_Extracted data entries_
==========

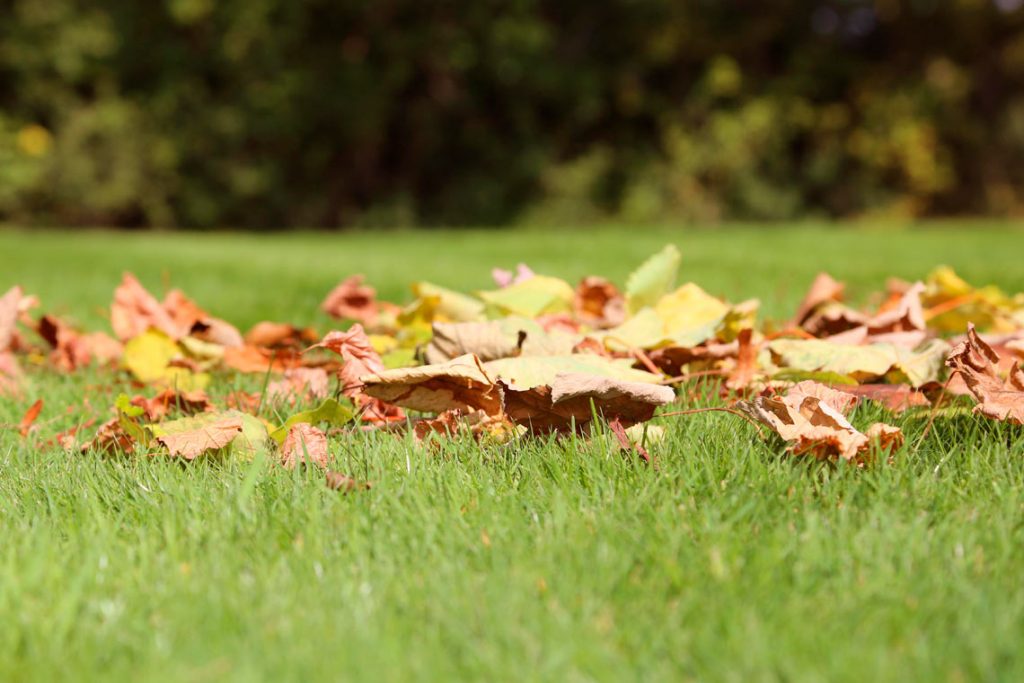 Da im September auch oft das erste Laub fällt, sollten Sie ihren Rasen davon befreien, damit er Luft und Sauerstoff bekommt.
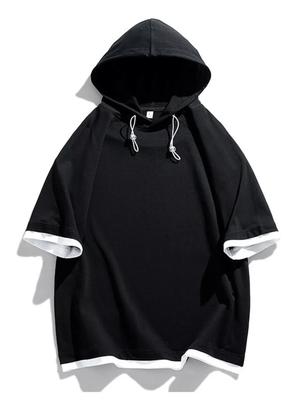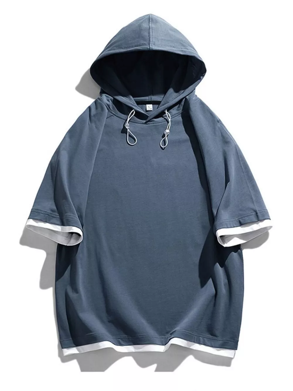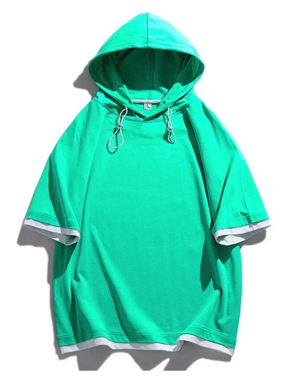 Men's Plus Size Casual Short Sleeve Hooded Top
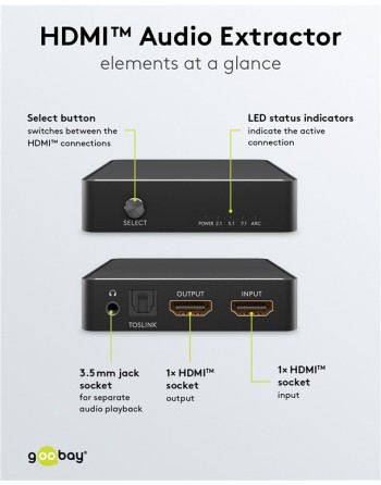 Το HDMI audio extractor της Goobay σας επιτρέπει την κρυστάλλινη μετάδοση ήχου για την σύνδεση συστημάτων ψυχαγωγίας και gaming με συστήματα Hi-Fi ή μπάρες ήχου μέσω HDMI.
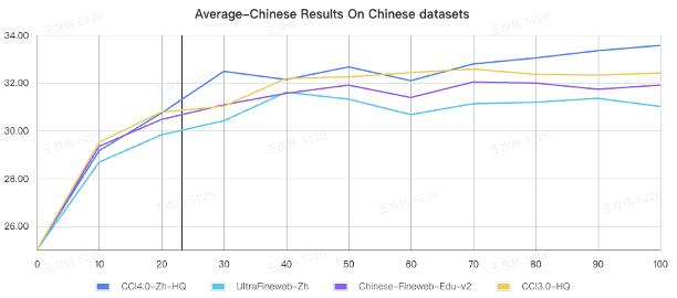 三是实施全方位安全与隐私过滤,保障数据集落地应用成效。通过融合正则表达式、命名实体识别与毒性分类器等技术,严格剔除隐私及不良内容,确保数据安全合规。基于此构建的CCI系列数据集已获52个国家和地区超600家机构使用,累计下载量达20万次。其中文子集CCI4.0-Zh-HQ在100B tokens训练规模下评测得分达33.57,较第二名高出1.16分,效果稳定超越其他开源中文数据集。
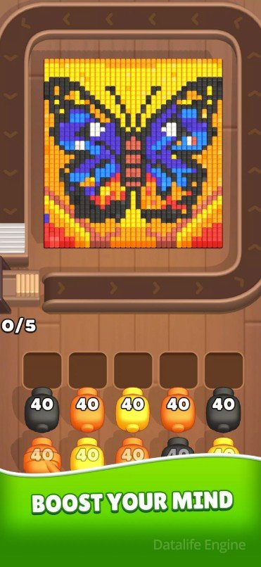 - Множество уровней разной сложности: от простых до очень сложных. И каждый из них имеет свою картину – рабочее поле, которую необходимо «разобрать», чтобы пройти дальше.
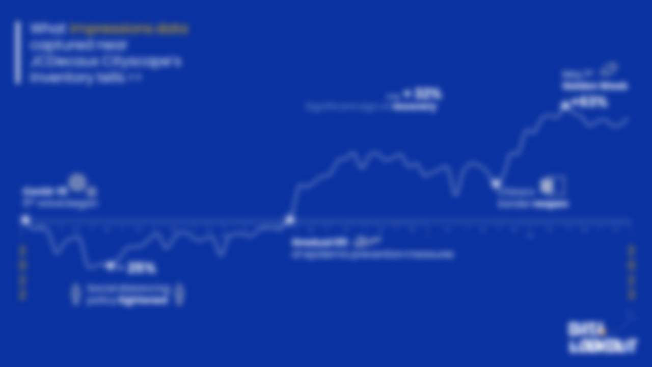 Just as the situation began to recover in Q4 2021, arrival of the 5th wave in Q1 2022 caused a 25% decline on Cityscape’s OOH impressions* trend during February to March in comparison to 2022 weekly average (JCDecaux Hourly Impressions Measurement data solution).
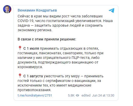 "В связи с этим приняли решение с 1 июля принимать отдыхающих в отелях, гостиницах, пансионатах, санаториях и детских лагерях, только при наличии у них отрицательного ПЦР-теста либо документа, подтверждающего вакцинацию от коронавируса", - написал он.
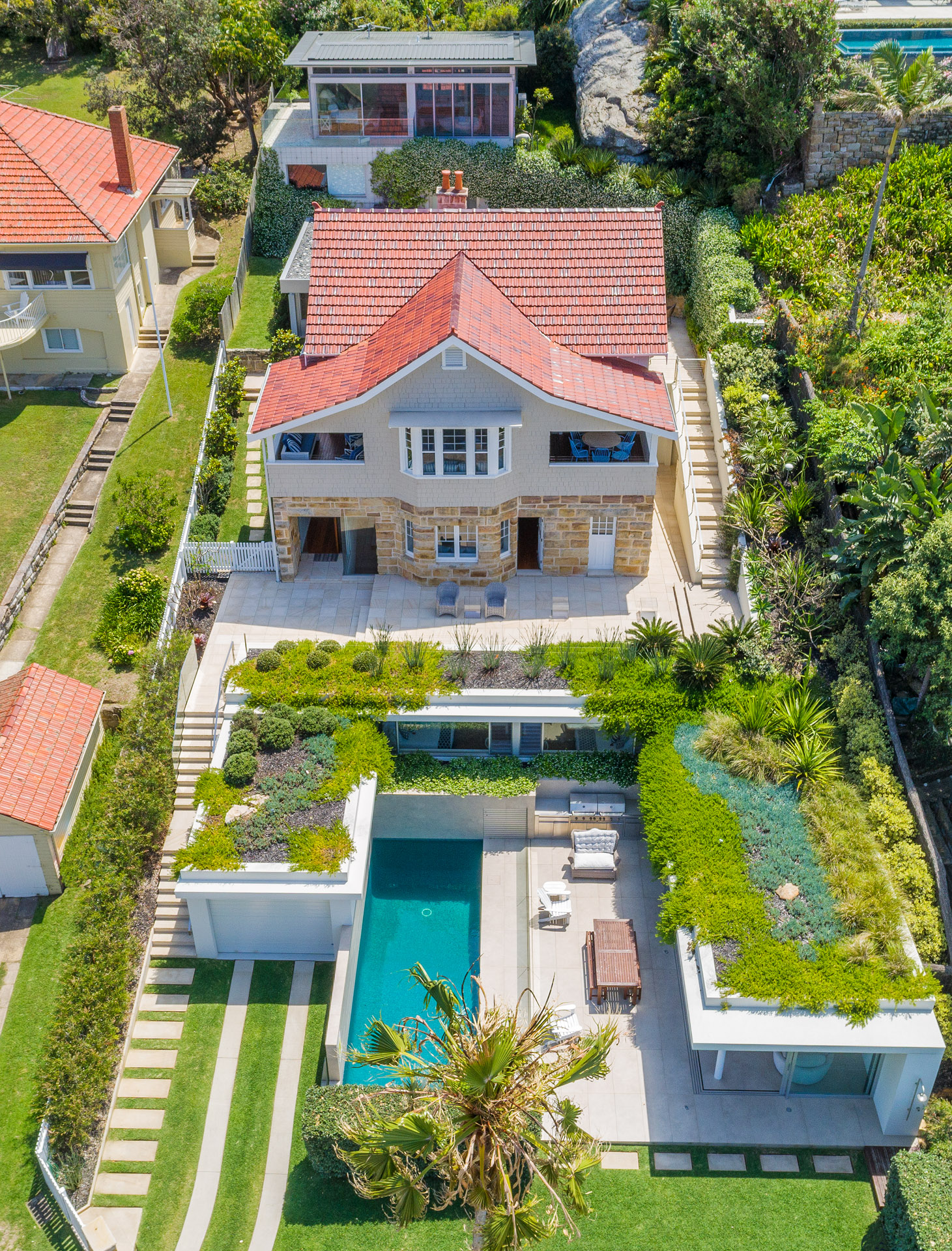 The position of the original house on the site meant that only limited accommodation could be added behind which lead to the addition of a new level buried into the front lawn with an expansive ‘green roof’ above. This approach allowed the original home to remain centre-stage in a garden setting and for the new living areas and pool to share the spectacular views and position.
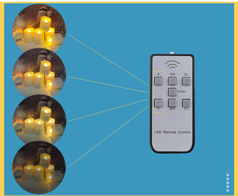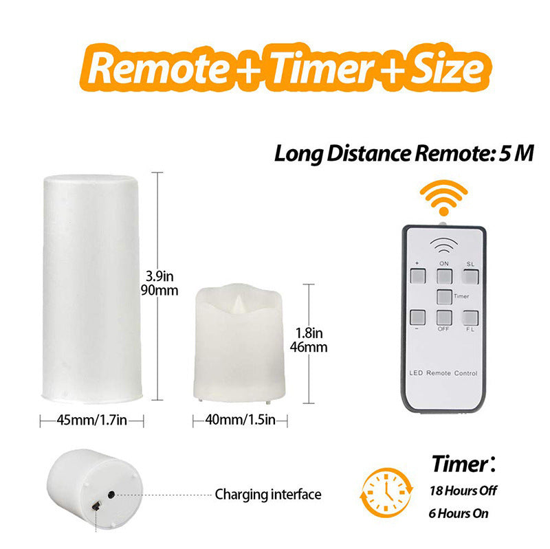 Functions: 7-key timed infrared remote control, remote control on/off, 6-hour cycle timing, increase/decrease brightness, fast/slow flash, the bottom of the candle has its own switch button, and the remote control only works when the bottom of the candle is turned on
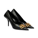 La décolleté ysl in foto e’ uno di quei modelli che diventano immediatamente riconoscibili grazie al tacco logo. La silhouette della scarpa e’ classica, con punta affusolata e linea slanciata in pelle nera lucida. Il vero protagonista pero’ e’ il tacco dorato che riproduce il monogramma YSL, trasformando un elemento tecnico in una parte di design. Il contrasto tra il nero profondo della tomaia e l oro lucido del tacco crea un effetto elegante ma anche molto scenografico. E’ una scarpa pensata per chi ama accessori iconici e non ha paura di attirare lo sguardo.

==========

_EXERCISE REQUIREMENTS_
Copy the lines above exactly. Do not include pictures.

_YOUR SOLUTION_
 Da im September auch oft das erste Laub fällt, sollten Sie ihren Rasen davon befreien, damit er Luft und Sauerstoff bekommt.
 Men's Plus Size Casual Short Sleeve Hooded Top
 Το HDMI audio extractor της Goobay σας επιτρέπει την κρυστάλλινη μετάδοση ήχου για την σύνδεση συστημάτων ψυχαγωγίας και gaming με συστήματα Hi-Fi ή μπάρες ήχου μέσω HDMI.
 三是实施全方位安全与隐私过滤,保障数据集落地应用成效。通过融合正则表达式、命名实体识别与毒性分类器等技术,严格剔除隐私及不良内容,确保数据安全合规。基于此构建的CCI系列数据集已获52个国家和地区超600家机构使用,累计下载量达20万次。其中文子集CCI4.0-Zh-HQ在100B tokens训练规模下评测得分达33.57,较第二名高出1.16分,效果稳定超越其他开源中文数据集。
 - Множество уровней разной сложности: от простых до очень сложных. И каждый из них имеет свою картину – рабочее поле, которую необходимо «разобрать», чтобы пройти дальше.
 Just as the situation began to recover in Q4 2021, arrival of the 5th wave in Q1 2022 caused a 25% decline on Cityscape’s OOH impressions* trend during February to March in comparison to 2022 weekly average (JCDecaux Hourly Impressions Measurement data solution).
 "В связи с этим приняли решение с 1 июля принимать отдыхающих в отелях, гостиницах, пансионатах, санаториях и детских лагерях, только при наличии у них отрицательного ПЦР-теста либо документа, подтверждающего вакцинацию от коронавируса", - написал он.
 The position of the original house on the site meant that only limited accommodation could be added behind which lead to the addition of a new level buried into the front lawn with an expansive ‘green roof’ above. This approach allowed the original home to remain centre-stage in a garden setting and for the new living areas and pool to share the spectacular views and position.
 Functions: 7-key timed infrared remote control, remote control on/off, 6-hour cycle timing, increase/decrease brightness, fast/slow flash, the bottom of the candle has its own switch button, and the remote control only works when the bottom of the candle is turned on
 La décolleté ysl in foto e’ uno di quei modelli che diventano immediatamente riconoscibili grazie al tacco logo. La silhouette della scarpa e’ classica, con punta affusolata e linea slanciata in pelle nera lucida. Il vero protagonista pero’ e’ il tacco dorato che riproduce il monogramma YSL, trasformando un elemento tecnico in una parte di design. Il contrasto tra il nero profondo della tomaia e l oro lucido del tacco crea un effetto elegante ma anche molto scenografico. E’ una scarpa pensata per chi ama accessori iconici e non ha paura di attirare lo sguardo.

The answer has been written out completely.